Working with Sky would give Max a big foothold when it launched, and if that relationship soured, it would make marketing the new streamer that bit more expensive for WBD. Sky also has a deal for WBD movies which would include the upcoming reboot of the DC universe, and giving up those revenues would be a risk for WBD. I’m not sure how big Paramount+ would be in the UK were it not for Sky giving it a leg up. Taylor Sheridan and the Yellowstone universe are nowhere near as big in the UK as they are in the US. And I’m not sure that the Star Trek universe can make up for it. Although Paramount+ has created a number of UK original drama and reality series, I’m not sure many have yet cut through. You feel that it needs to merge with another streamer to create proper scale.

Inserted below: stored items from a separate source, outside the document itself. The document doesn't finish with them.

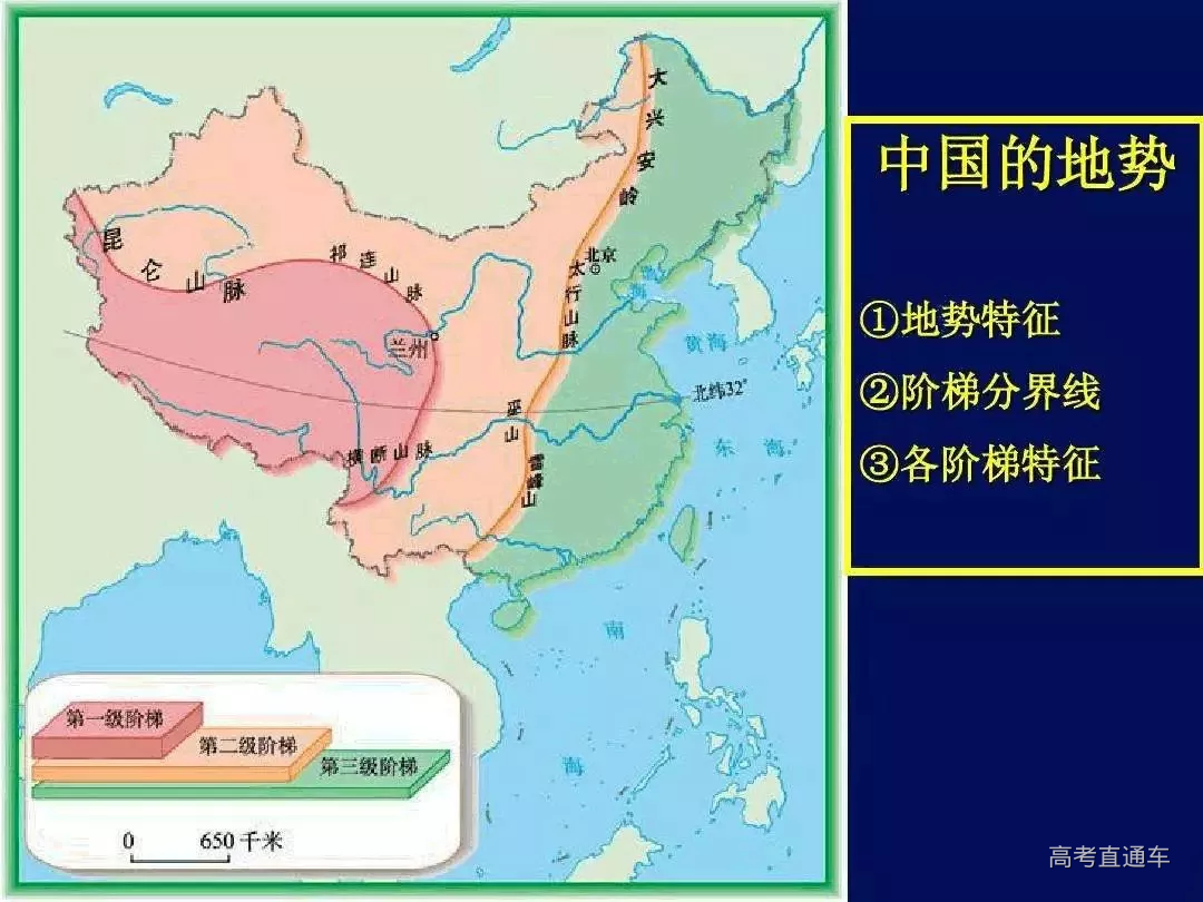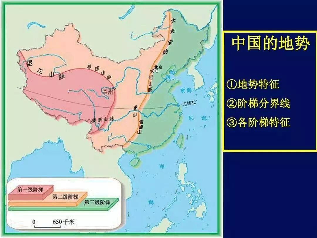 1.第一级阶梯和第二级阶梯的界线:西起昆仑山脉,阿尔金山脉,经祁连山脉向东南到横断山脉东缘。
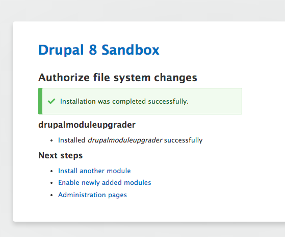 On the topic of the URLs, I now sort of see see why it's in this patch. Previously the double-escaping was fixed automatically by the rest of the code added in this issue, but now it requires changes to the URL generation too (I guess something must have changed with the SafeMarkup system in the meantime). So this is now touching the same code that #2547667: Fix broken page title Update Manager (authorize.php) would need to touch and it may therefore make sense to fix them both at once after all - in which issue, I'm not sure :) Whichever issue we fix it in should fix the theme installation links too, though (not just the module installation links), but I haven't done that here.
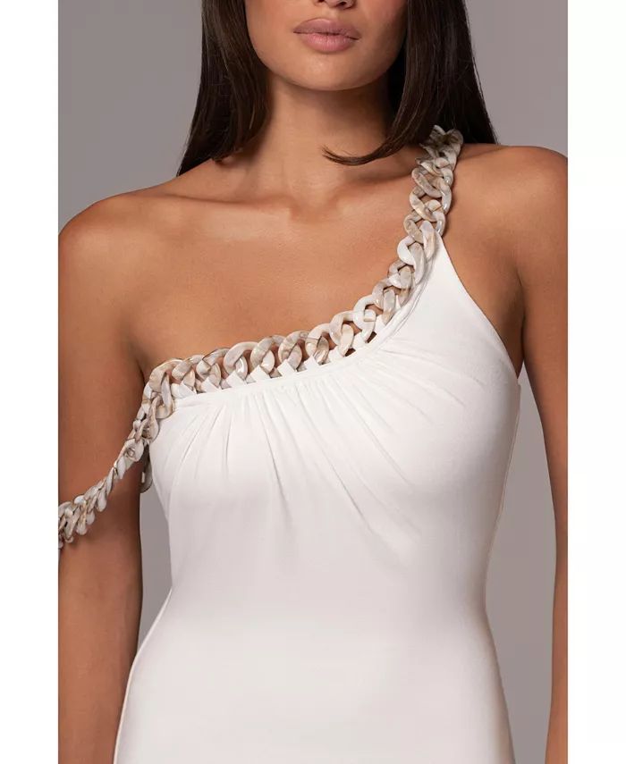 Подчеркните свой стиль с помощью асимметричного платья Monette с уникальным асимметричным вырезом и элегантными акриловыми цепочками-бретельками.
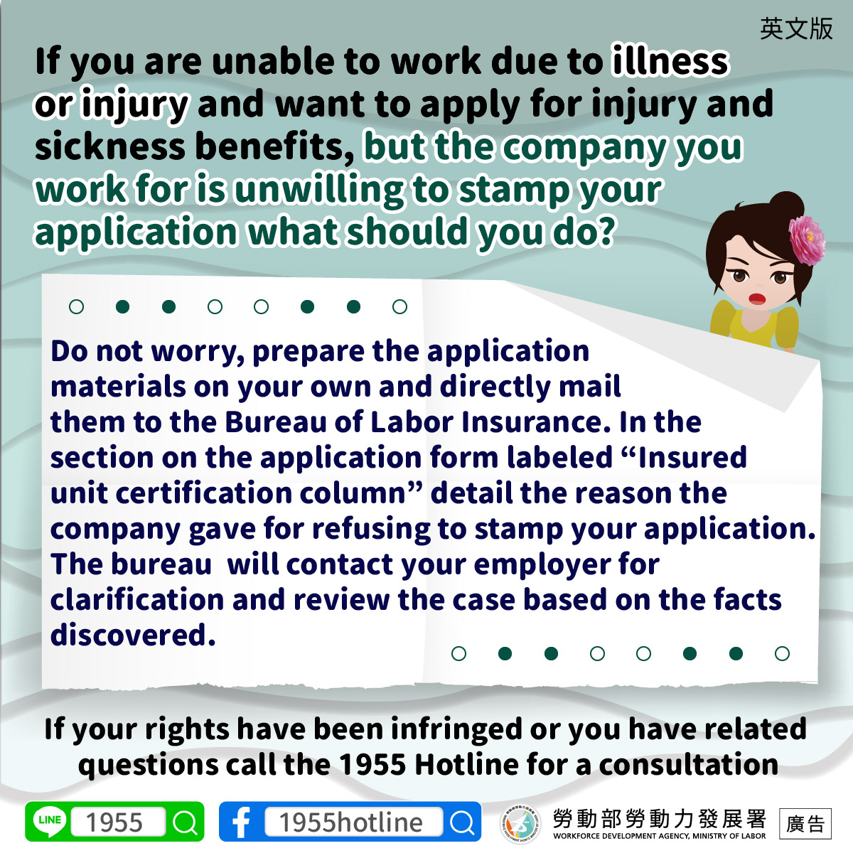 ไม่ต้องกังวล สามารถเตรียมแบบคำร้องด้วยตนเอง แล้วส่งทางไปรษณีย์หรือยื่นโดยตรงต่อสำนักงานประกันภัยแรงงานของไต้หวันได้ และในช่อง “การรับรองจากหน่วยงานผู้เอาประกัน” บนแบบคำร้อง ให้ระบุเหตุผลว่าบริษัทปฏิเสธที่จะประทับตรา จากนั้นสำนักงานประกันภัยแรงงานจะเป็นผู้ติดต่อไปยังบริษัทเพื่อตรวจสอบข้อเท็จจริงและจะดำเนินการพิจารณาตามสถานการณ์จริง
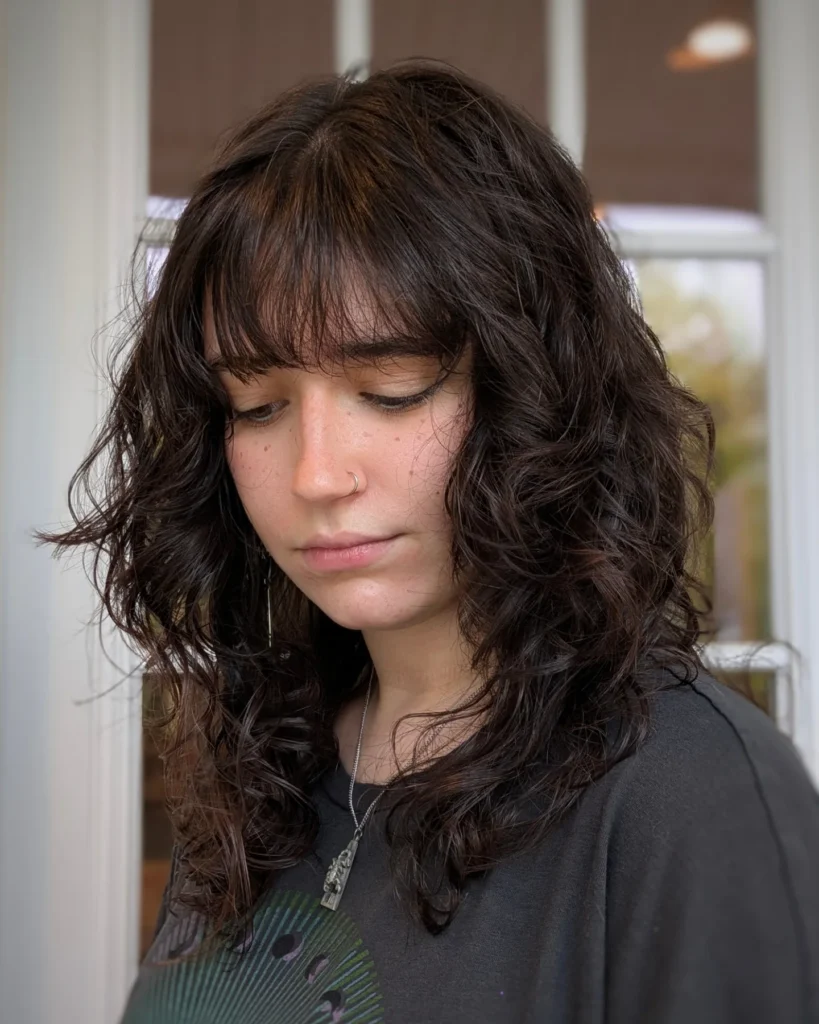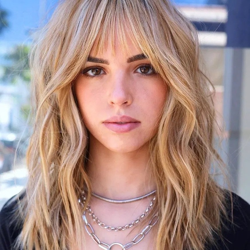 - Bangs (Optional): Curtain bangs or wispy fringe enhance the shag effect.
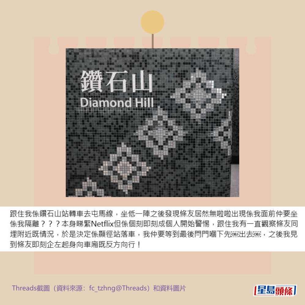 樓主續指:「跟住我喺鑽石山站轉車去屯馬綫,坐低一陣之後發現條友居然無啦啦出現喺我面前仲要坐喺我隔離???本身睇緊Netflix(電影)但喺個刻即刻成個人開始警惕,跟住我有一直觀察條友同埋附近嘅情況,於是決定喺顯徑站落車,我仲要等到最後閂門嗰下先出去 ,之後我見到條友即刻企咗起身向車廂嘅反方向行!」。

When Max launches in the UK and is merged with Discovery+, the sports offer will be an important part of it. WBD says it did well with its Olympics rights this year, but it’s the week-in week-out rights that matter more. It has some Premier League games, and a lot of UEFA Champions’ League football, but Sky has better sports rights offer overall.
So questions do remain how viable Max on its own might be in the UK. Sky would be an important partner in the normal scheme of things. But this lawsuit does create some very interesting questions. Sky is desperate to get in on the ground floor of the upcoming Harry Potter series, and if that door is slammed shut, might it have broader repercussions with how WBD is able to launch Max in the UK?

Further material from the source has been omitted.